Angelo, yang selalu menyangkal kehamilannya, melarikan diri setelah mengetahui bahwa ia mengandung anak Maximilliam, hasil hubungan semalam mereka. Ia mencari tempat persembunyian terpencil, berharap dapat menghilang dan menghindari konsekuensi dari tindakannya. Kehamilan yang tak diinginkan ini menjadi titik balik dalam hidupnya, memaksanya untuk menghadapi kenyataan pahit dan melarikan diri dari masa lalunya.
Karya ini diterbitkan atas izin NovelToon Fitri Novianti, isi konten hanyalah pandangan pribadi pembuatnya, tidak mewakili NovelToon sendiri
Don't want any competition ll.
"Kalau mau adopsi, ya ambillah, rawat saja bersama istrimu nanti," jawab Angelo acuh tak acuh, matanya menatap kosong ke arah deretan boks bayi mungil yang berjejer rapi. Ruangan itu berbau khas susu formula dan bedak bayi, aroma yang biasanya menenangkan, namun bagi Angelo terasa menyesakkan.
Maximillian mengamati Angelo. Wanita itu tampak benar-benar tidak nyaman di ruangan itu, tubuhnya tegang, tangannya mengepal di sisi tubuh. "Bukankah lebih baik kita belajar merawat bayi sebelum anak kita lahir?" tanya Maximillian lembut, berusaha mencairkan suasana.
Angelo menghela napas panjang, suaranya terdengar berat. "Aku tidak akan pernah mengadopsi anak siapa pun."
Maximillian mengerutkan kening, tatapannya tajam.
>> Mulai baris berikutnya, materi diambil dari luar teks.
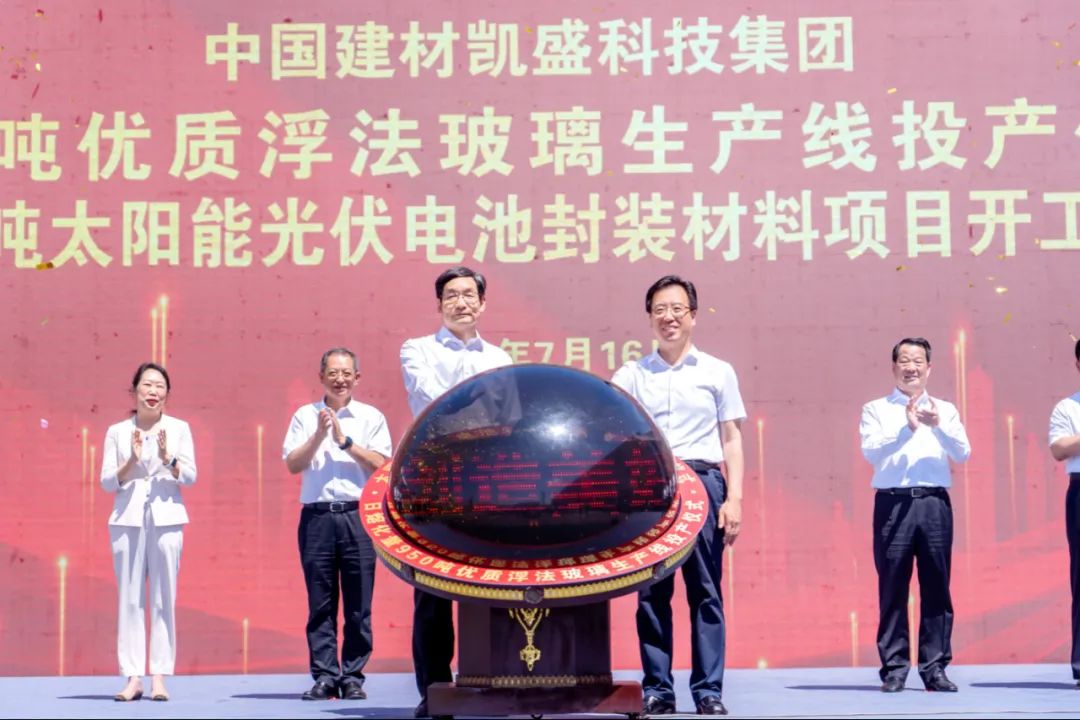 在耀华高新手艺工业园区,,,,,,,,周育先出席了j9游国际站官网凯盛科技950吨优质浮法玻璃生产线投产仪式暨1200吨太阳能光伏电池封装质料项目开工仪式。。。。。。。仪式上,,,,,,,,周育先宣布新项目投产暨开工正式启动,,,,,,,,并与王曦配合按下启动键。。。。。。。
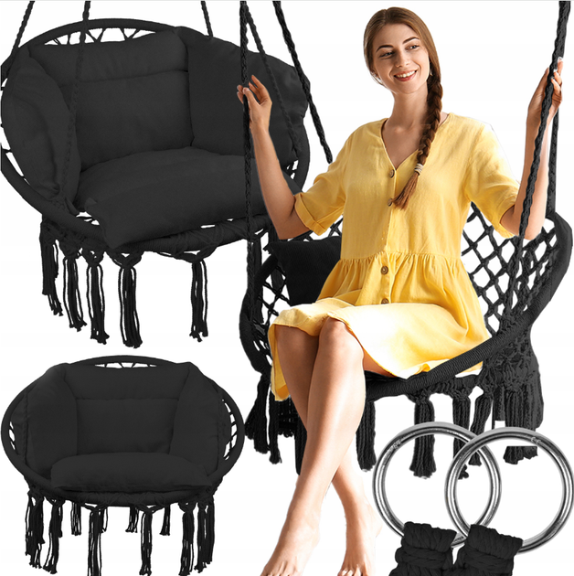 Гойдалка підвісна гніздо з подушкою MalTec 60 см 150 кг чорна

Cyne dan Janet, yang sedari tadi berdiri di dekatnya, ikut menatap Angelo dengan heran. "Tapi..." Maximillian memulai lagi, namun ucapannya terpotong.
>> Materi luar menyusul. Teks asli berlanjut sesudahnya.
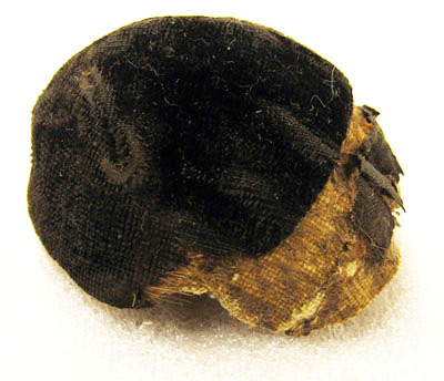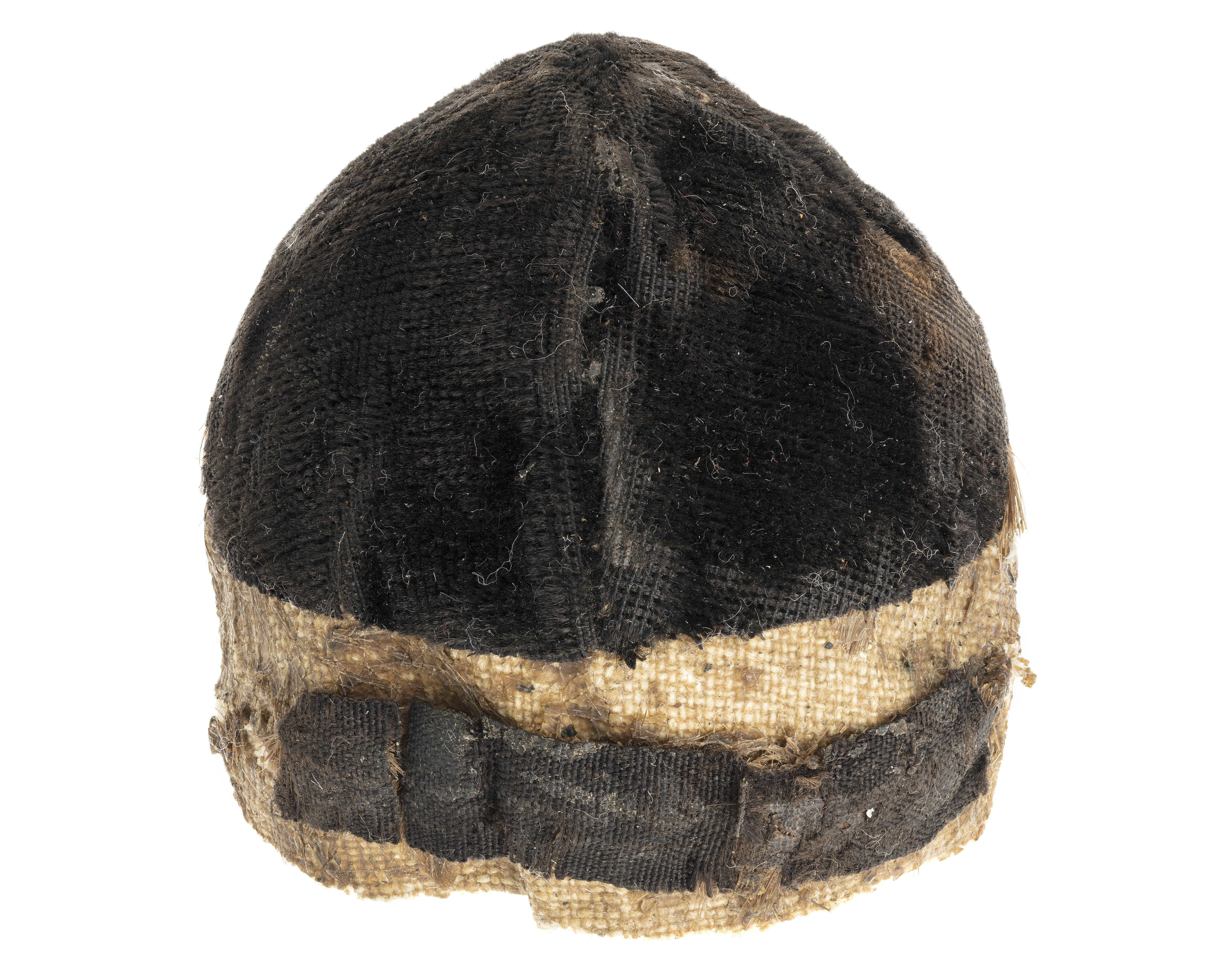 Hätta av förstärkt gulbrun linnelärft, utsidan till största delen klädd med svart silkessammet, över nacken sakans den. Längs kanterna vid tinningen rester av brunt hår. Formen rundad över hjässan med neddragna sidor och nackparti.
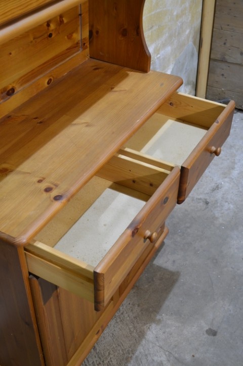 De kast is tweedehands en heeft gebruikssporen. Door werking van het hout kunnen kleine afwijkingen aanwezig zijn.
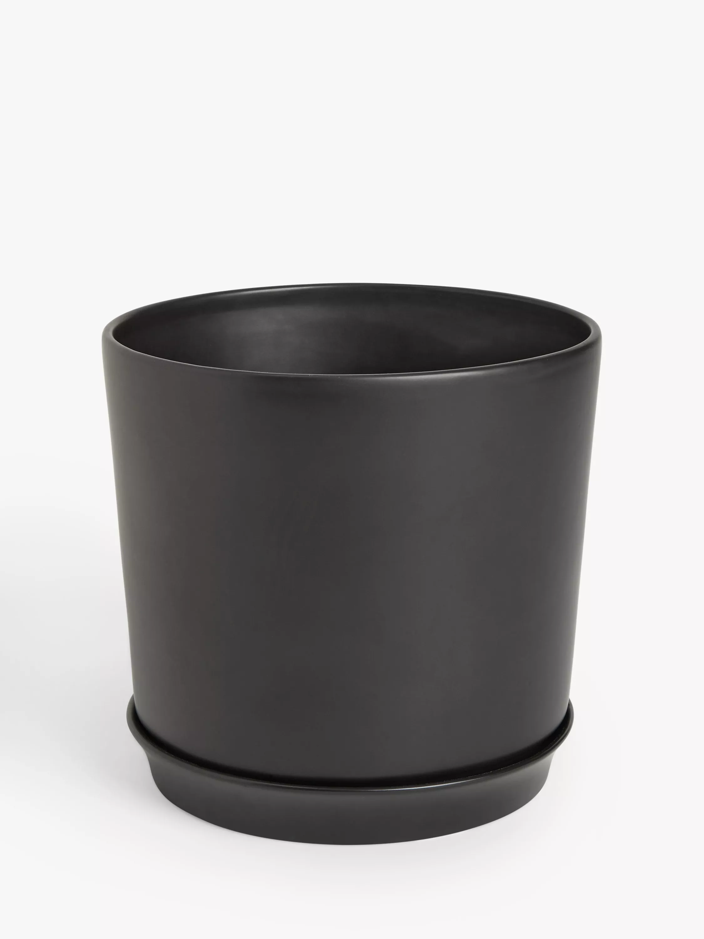 Glazed stoneware plant pot with a drainage hole and matching saucer, making it suitable for both indoor and outdoor use.

"Aku tidak ingin menciptakan saingan untuk anakku," potong Angelo cepat, suaranya sedikit meninggi. "Apalagi anak adopsi tak memiliki darah yang sama denganku. Tak menutup kemungkinan mereka akan menuntut hal yang sama seperti anakku kelak, dan aku tak suka itu." Ia menatap tajam ke arah ketiganya, seolah menantang mereka untuk membantah.
Cyne, Janet, dan Maximillian terdiam. Harapan mereka untuk mengadopsi salah satu bayi mungil itu sirna seketika. Hening menyelimuti ruangan, hanya suara isak tangis bayi yang sesekali terdengar.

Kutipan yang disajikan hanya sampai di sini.